We used evolutionary distinctiveness (ED) scores to examine whether invasive predators have had a disproportionate impact on evolutionarily distinct species. ED scores were calculated based on the “fair proportion” metric: i.e., the weighted sum of branch lengths along phylogenetic tree roots to tips, with weights based on the number of tips sharing that branch (see refs. 53–55 for detailed descriptions). This analysis was restricted to extant birds (53) and mammals (54, 55) because data limitations currently prevent ED scores being calculated for reptiles and extinct taxa from all classes. We used general linear models to compare the ED scores of the impacted species against threatened species for which invasive predators were not identified as a threat (“nonimpacted” species hereafter). We used a gamma error distribution because the data were positive, continuous, and skewed. Significant effects were inferred at the 0.05 level. Taxonomic differences between the Red List version 2014.3 and the source databases (53, 55) are detailed in Table S4. Because ED scores were not available for extinct species, the values presented here are likely to be an underestimate of the true effect sizes.

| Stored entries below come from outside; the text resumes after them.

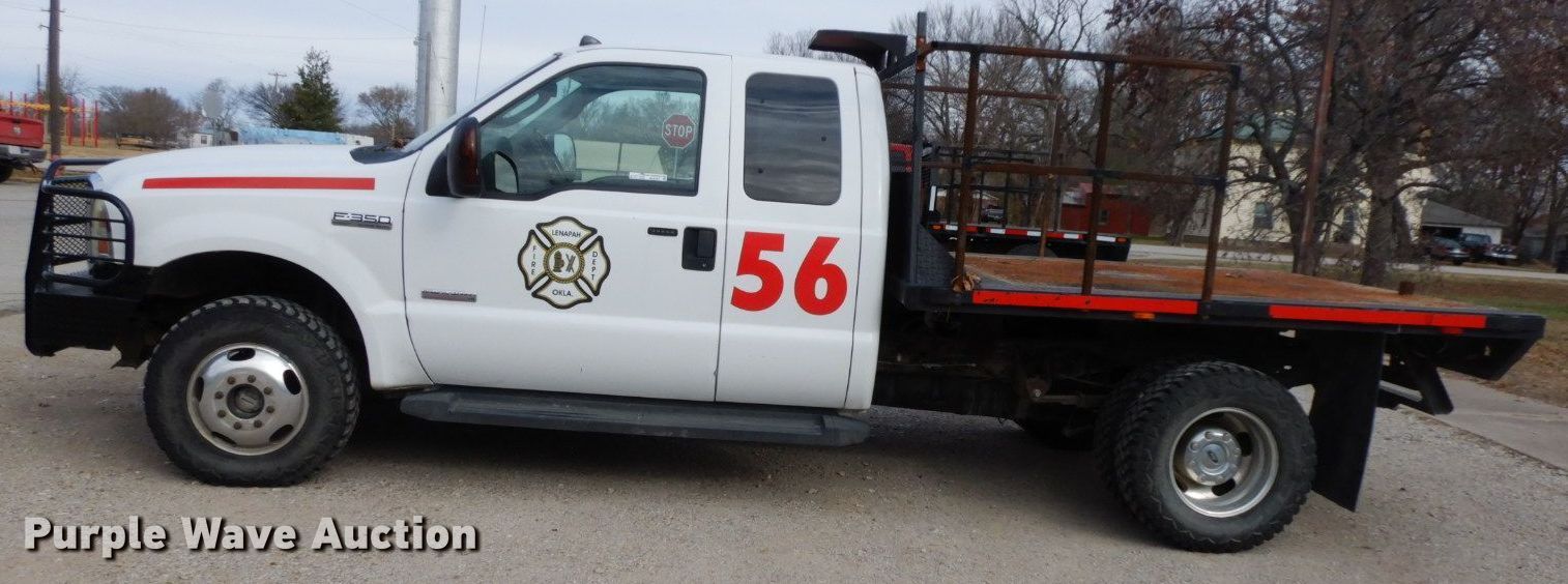2006 Ford F350 Super Duty Lariat SuperCab flatbed pickup truck. Miles: 242,082 on odometer, VIN: 1FTWX33P56EA91715. Engine Displacement: 6.0L V8 OHV, Cylinders: 8, Fuel type: Diesel. Transmission Automatic, Four wheel drive. Interior AC, Heat, Power windows, Power locks, Cruise control. Features Flatbed 9' L x 8' W, Hitch: Gooseneck. Tires Size: 255/75R17. Notes Dash warning indicator: Check engine, Transmission issues, will not shift into overdrive. Oklahoma title. Title distribution may be delayed up to 14 days from verification of funds. Lenapah Fire Department. Lenapah, OK 74042
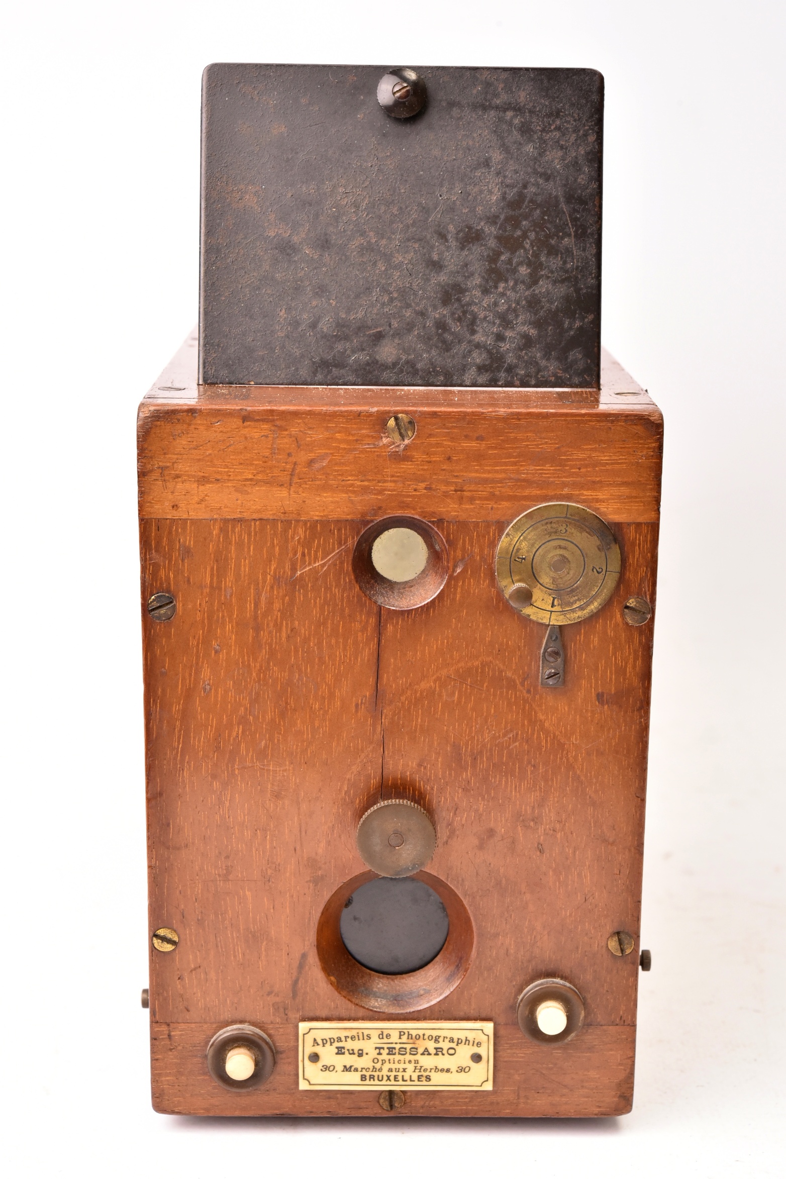 Appareil photographique Dr. Krügener Simplex Reflex. L’un des premiers de type Twin Lens Reflex ; c'est-à-dire possédant deux objectifs. L’un sert à la prise de vue et l’autre à la visée réflex sur cadre à verre dépoli. Ce dernier, protégé par un volet métallique pivotant, est du même format que les plaques utilisées (6x8 cm). L’appareil peut recevoir jusqu’à 24 plaques dans son compartiment chargeur. Le changement de plaques s’effectue par bouton à tirette situé sur le dessus. Construction en acajou blond verni, N° de série 2029. Sur la façade, est apposée la plaque du revendeur : « Eugène Tessaro, 30 rue Marché aux Herbes, à Bruxelles ». Vers 1888. L’appareil marque une évolution en matière de détective ; il est peu commun.
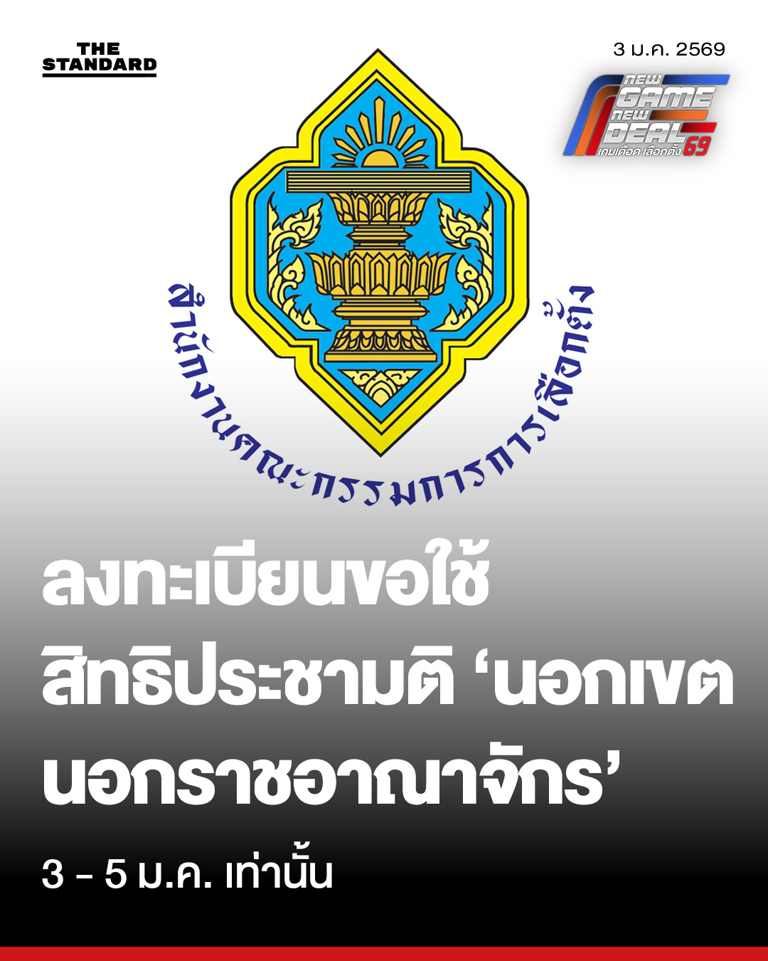 กกต. เปิดลงทะเบียนขอใช้สิทธิ ‘นอกเขต-นอกราชอาณาจักร’ วันนี้ - 5 ม.ค. เท่านั้น 8 ก.พ. 69 เข้าคูหาพร้อมกัน
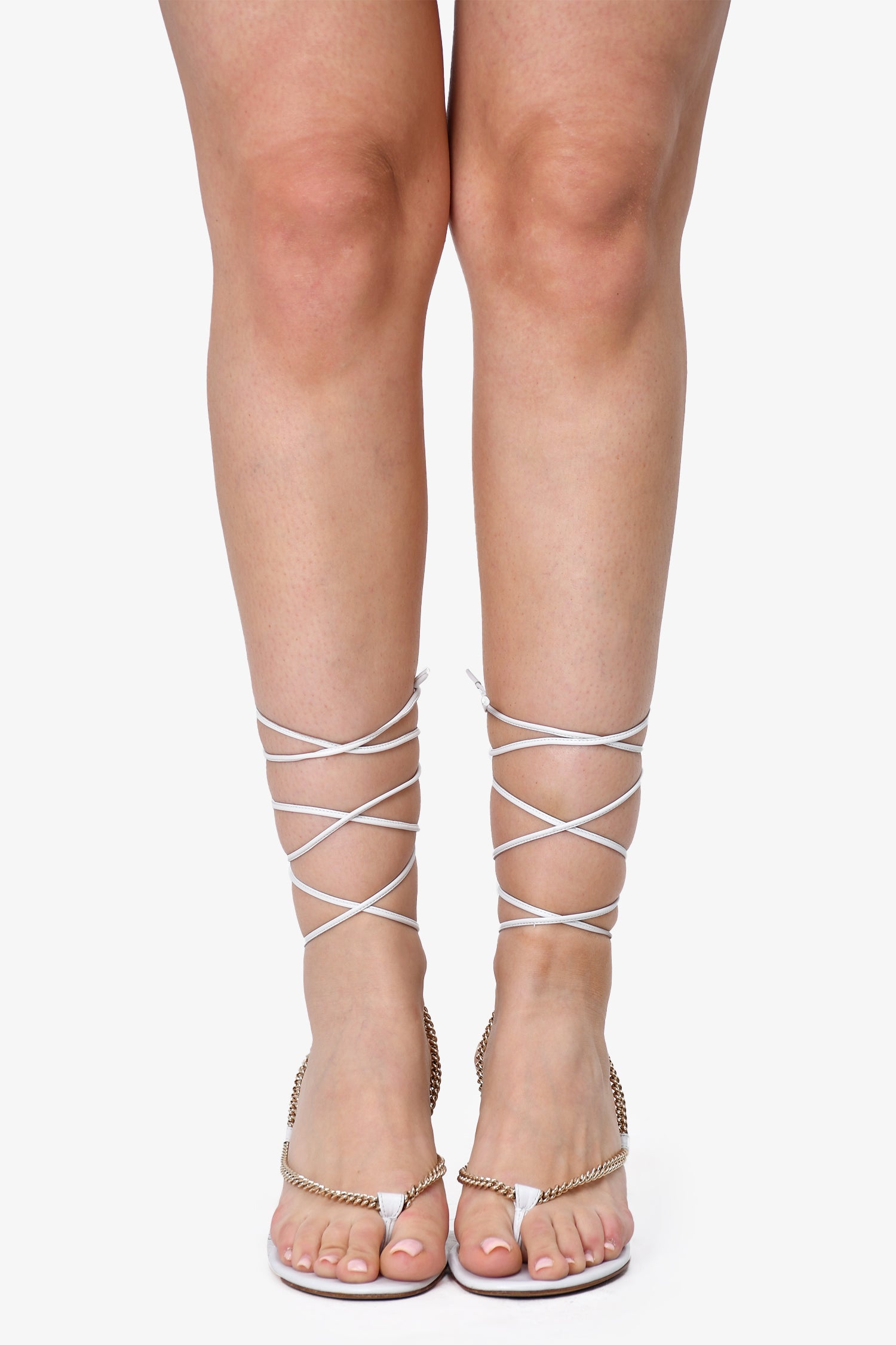 Refresh availabilityGianvito Rossi White Leather Chain Link Heeled Sandals. Round toe. Gold-toned hardware. Tonal stitching.
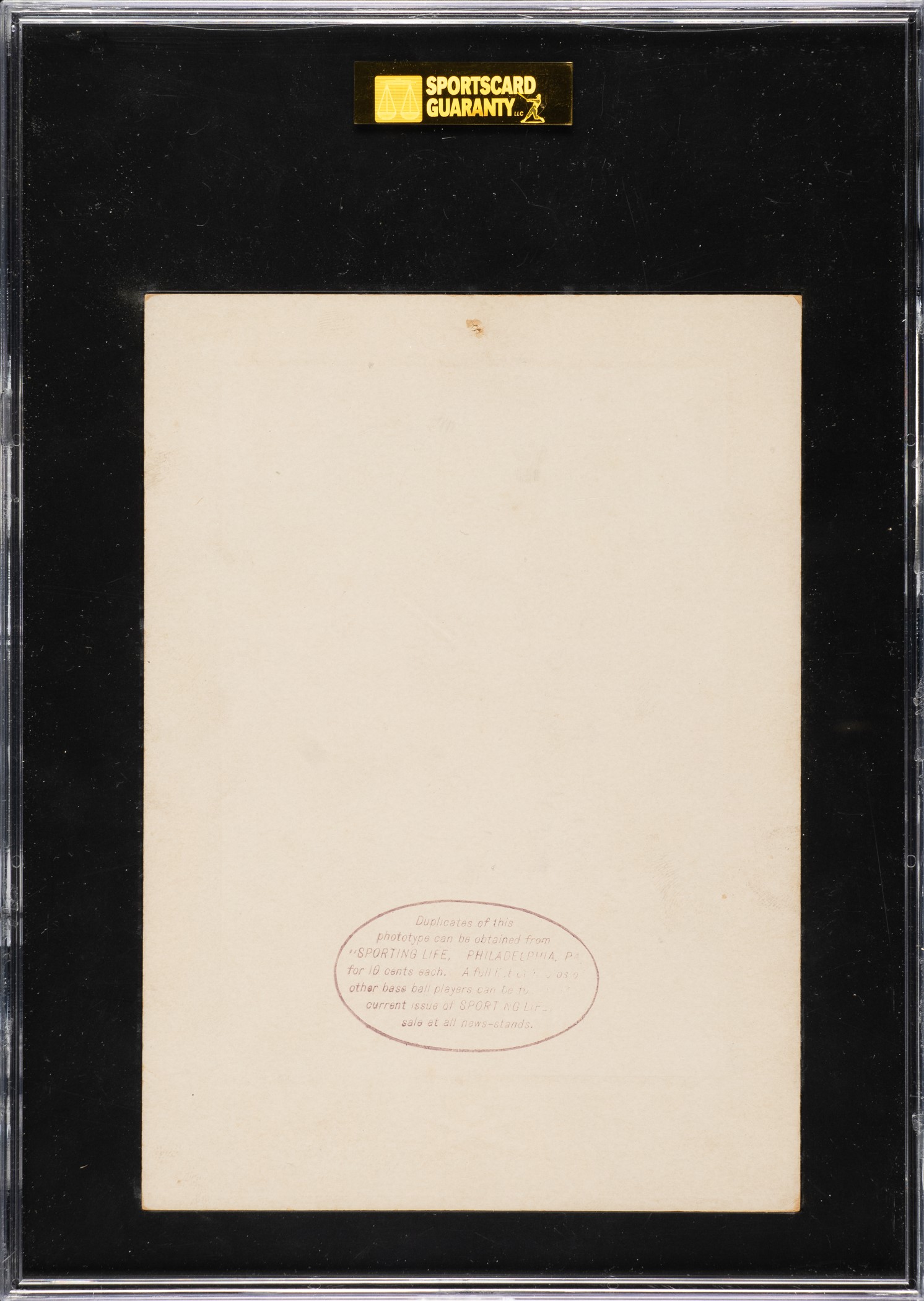 Presented is a rarely offered W600 Sporting Life cabinet of legendary Hall of Famer Honus Wagner. This is a spectacular example of one of the most impressive of all Wagner cards. W600 Sporting Life cabinet cards have always been held in high esteem by advanced collectors and are universally recognized as among the most substantial, highest-quality baseball card sets ever issued. Two poses of Wagner were issued in W600: in uniform and in street clothes. The offered in-uniform pose is a particularly noteworthy card as it features the same pose as the famous T206 Wagner. Wagner's distinctive image is virtually flawless on the offered example with outstanding photo contrast. Graded FAIR 20 by SGC due to a tack hole at the top. It is otherwise in Vg-Ex condition. This is an exceptionally attractive example of one of Honus Wagner's rarest and most striking cards, and one that would be a significant addition to any serious Hall of Fame or prewar card collection. Opening Bid $10,000.

Dataset S1 contains a CSV file with information on species taxonomy, endemicity, regional occurrence, and the predator impact rankings that were used in the metaanalysis (Table S3); there is also a PDF file (Dataset S4) listing the 996 references that support the impact rankings.

Dataset S2 is a CSV file containing information on the taxonomy and conservation status of 3,745 birds, mammals, and reptiles classified as threatened in the IUCN Red List version 2014.3 (Data Collation).

We conducted a fail-safe analysis (56) to show that 3,203,182 cases showing an effect size of zero would be needed to eliminate a significant overall effect size. We also conducted a sensitivity analysis to determine how the selection of impact values (0.25, 0.75, 1) and the use of weights (1, 10, 100, 1,000) (Methods) influenced the results. We reran the taxonomic class and insularity models five times and changed a different variable each time, as follows: (i) an unweighted model; (ii) 0.25 decreased to 0.1; (iii) 0.25 increased to 0.4; (iv) 0.75 decreased to 0.6; and (v) 0.75 increased to 0.9. We plotted the effect sizes and confidence intervals (Figs. S4 and S5) to identify any qualitative changes in the results relative to the original results (i.e., the pattern changed across taxonomic classes or insular endemicity). We did not rerun the predator model because the results are unlikely to be informative, given the large number of models involved (5 models × 7 predators × 3 taxonomic classes = 105 sets of parameter estimates). The unweighted analysis revealed no systematic qualitative changes, except that the effect size decreased for continental birds, although the confidence intervals were wide and overlapped with those for insular species (Fig. S4). Varying the impact rankings likewise revealed no systematic qualitative differences relative to the original results, except that effect sizes for birds and mammals were more greatly influenced by changes in the “high” than the “mixed” level, whereas the opposite was true for reptiles (Fig. S5). This result is to be expected, given that reptiles on average had lower impact scores, but it does not change the interpretation of the results.